Exercise: The copy you return should hold only the lines from the top of the data below through the line with "九转+63主要怪物新手BOSS.守护神.轩辕散人专属BOSS 随机刷新", each duplicated exactly and with no pictures.

Data block:
+---+

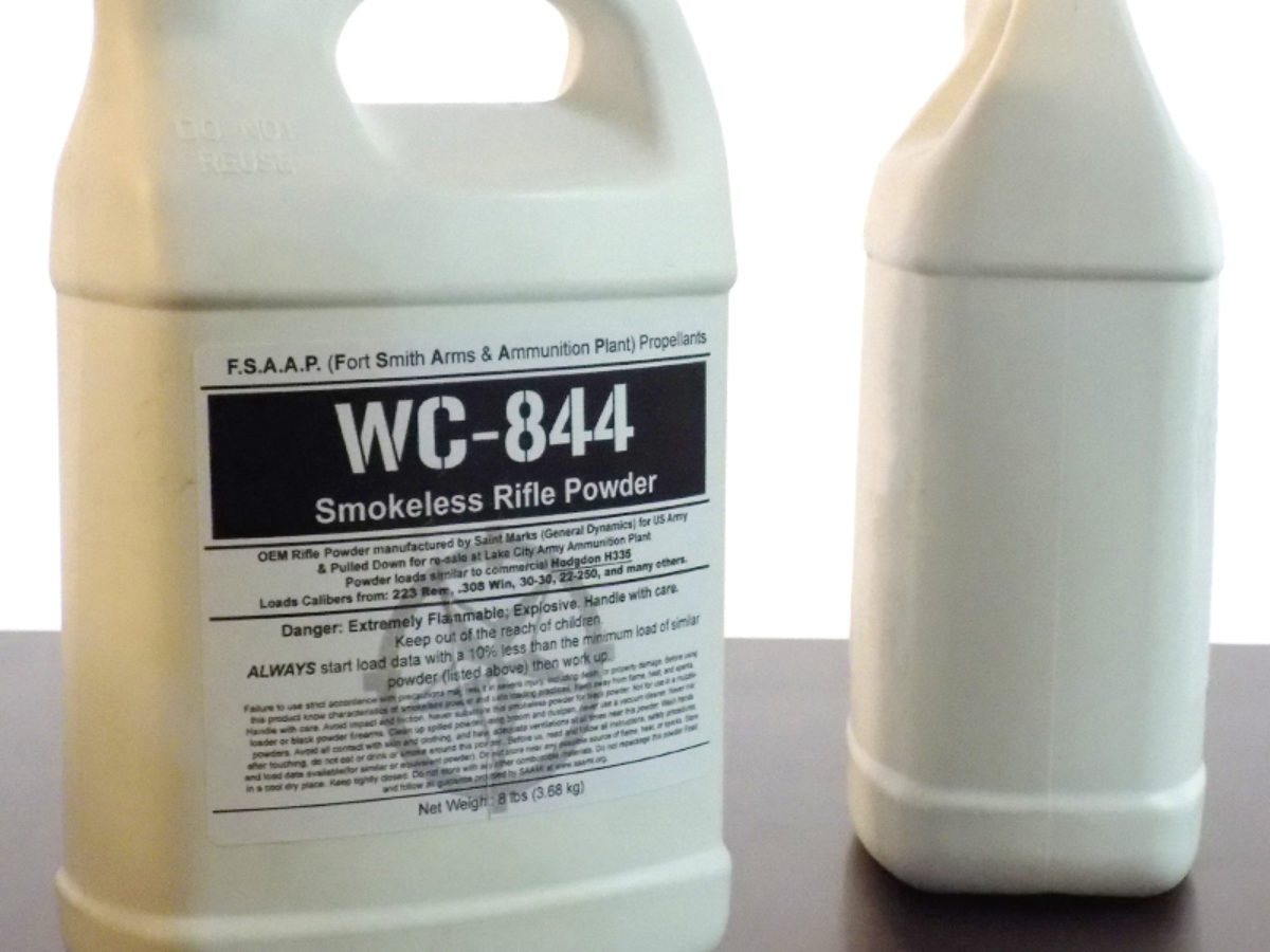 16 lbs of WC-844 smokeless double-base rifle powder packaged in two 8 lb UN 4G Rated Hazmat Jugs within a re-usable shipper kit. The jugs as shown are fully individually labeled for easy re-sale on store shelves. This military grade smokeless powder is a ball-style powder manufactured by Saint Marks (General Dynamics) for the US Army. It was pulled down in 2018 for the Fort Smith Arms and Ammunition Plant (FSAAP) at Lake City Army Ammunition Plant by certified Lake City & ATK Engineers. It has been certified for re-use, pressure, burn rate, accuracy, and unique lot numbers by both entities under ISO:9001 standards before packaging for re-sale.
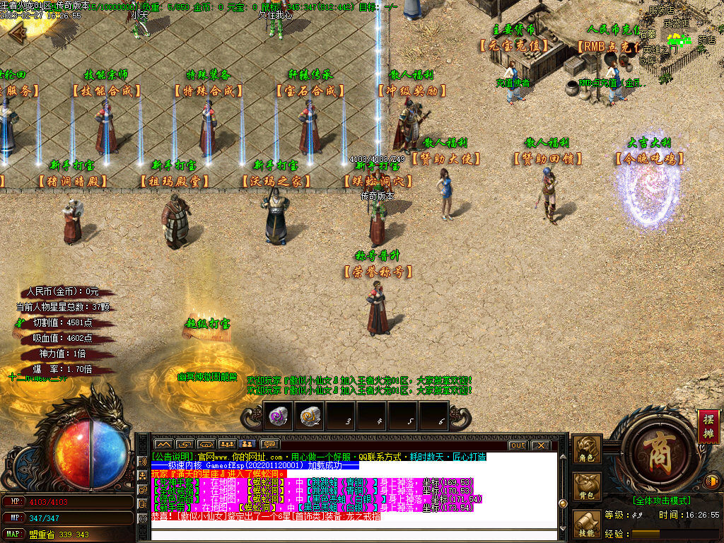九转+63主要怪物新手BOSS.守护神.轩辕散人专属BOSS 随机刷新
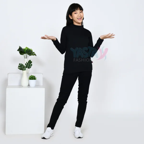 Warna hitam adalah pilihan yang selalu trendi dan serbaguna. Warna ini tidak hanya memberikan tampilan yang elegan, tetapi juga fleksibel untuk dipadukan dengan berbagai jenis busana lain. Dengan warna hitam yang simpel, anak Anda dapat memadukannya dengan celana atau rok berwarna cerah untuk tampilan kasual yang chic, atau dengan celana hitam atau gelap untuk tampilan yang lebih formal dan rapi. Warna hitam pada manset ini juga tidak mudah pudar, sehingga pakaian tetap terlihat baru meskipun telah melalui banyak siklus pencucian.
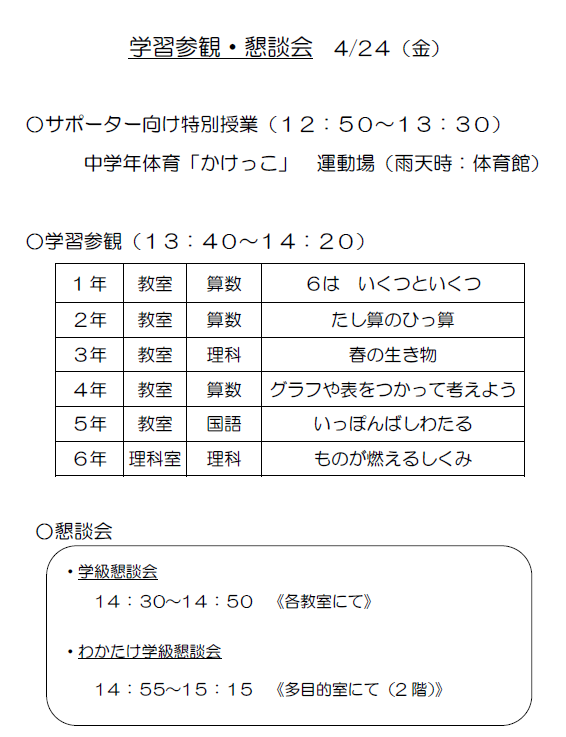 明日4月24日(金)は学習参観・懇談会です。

+---+

Exercise result:
 16 lbs of WC-844 smokeless double-base rifle powder packaged in two 8 lb UN 4G Rated Hazmat Jugs within a re-usable shipper kit. The jugs as shown are fully individually labeled for easy re-sale on store shelves. This military grade smokeless powder is a ball-style powder manufactured by Saint Marks (General Dynamics) for the US Army. It was pulled down in 2018 for the Fort Smith Arms and Ammunition Plant (FSAAP) at Lake City Army Ammunition Plant by certified Lake City & ATK Engineers. It has been certified for re-use, pressure, burn rate, accuracy, and unique lot numbers by both entities under ISO:9001 standards before packaging for re-sale.
九转+63主要怪物新手BOSS.守护神.轩辕散人专属BOSS 随机刷新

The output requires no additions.